Vice-Chancellor of Southeast University
- Incumbent
- Assumed office 19 May 2024
- Preceded by: AFM Mafizul Islam

Vice-Chancellor of Daffodil International University
- In office 2015–2020
- Preceded by: M. Lutfar Rahman
- Succeeded by: M. Lutfar Rahman

Personal details
- Education: Ph.D (Manufacturing & Engineering Management), Strathclyde University

= Yusuf Mahbubul Islam =

Bangladeshi educationist and academic

Yusuf Mahbubul Islam is a Bangladeshi academic. He is the vice-chancellor of Southeast University. He is the former vice-chancellor of Daffodil International University (DIU) and the founding vice-chancellor of Metropolitan University, Sylhet (MU). He was formerly the dean of the School of Engineering, Technology and Sciences (SETS) at Independent University, Bangladesh (IUB) and a professor of computer science and engineering at Open University Malaysia (OPM) and BRAC University.

==Career==
From September 1995 to December 2002, Islam served as managing director of Soft-Ed Ltd, where he was involved in software development.

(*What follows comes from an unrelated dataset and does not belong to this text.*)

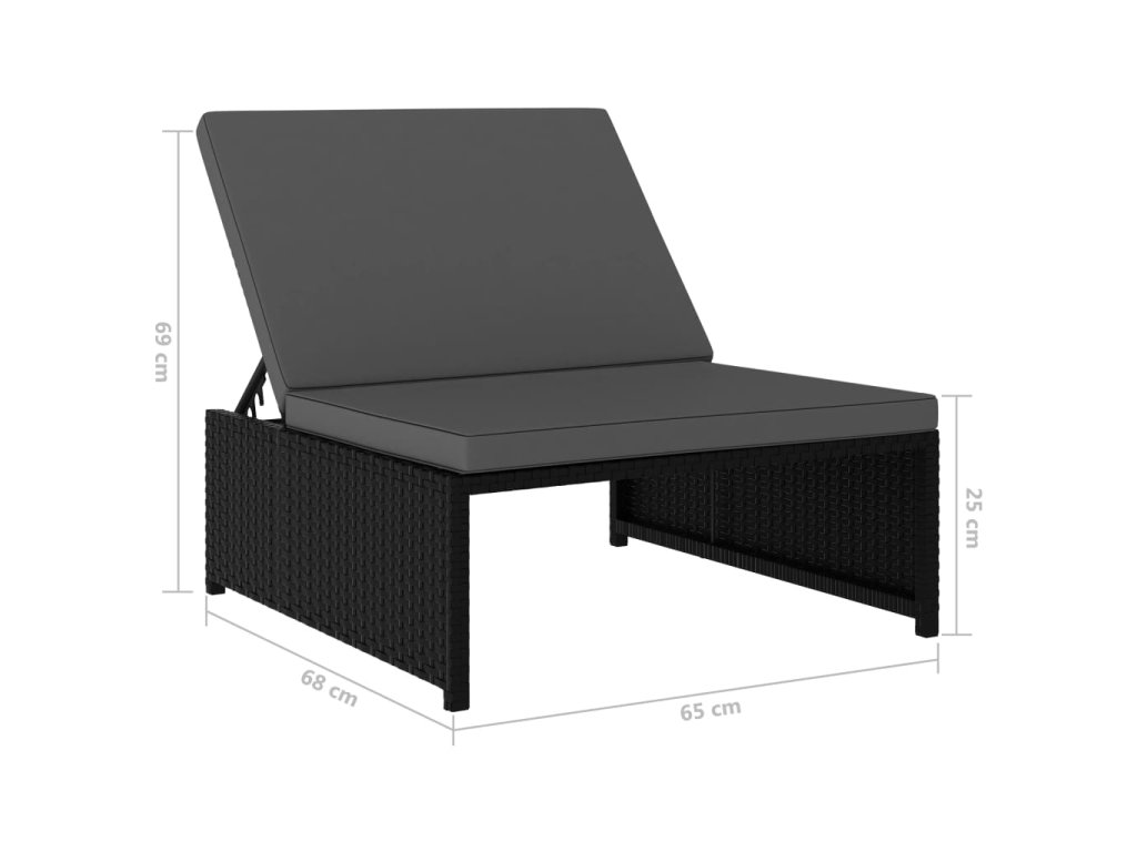 Multidom Záhradné ležadlá so stolíkom 2 ks čierne polyratanové

Islam joined Daffodil International University (DIU) in 2010 as a professor of Computer Science and Engineering and later became the executive director of the Human Resources Development Institute (HRDI). From July 2015 to April 2020, he served as the vice-chancellor of DIU. He remained at the university as a professor until February 2024.

Since June 2020, Islam has chaired the Institute for the Development of Online Learning (IDOL). At Independent University, Bangladesh (IUB), Islam was the Dean of the School of Engineering Technology and Sciences from September 2020 to October 2022. He then served as a Professor from October 2022 to February 2024 and as Director of Graduate Studies, Research, and Industry Relations from January 2023 to February 2024.

In May 2024, Islam was appointed vice-chancellor of Southeast University, Dhaka.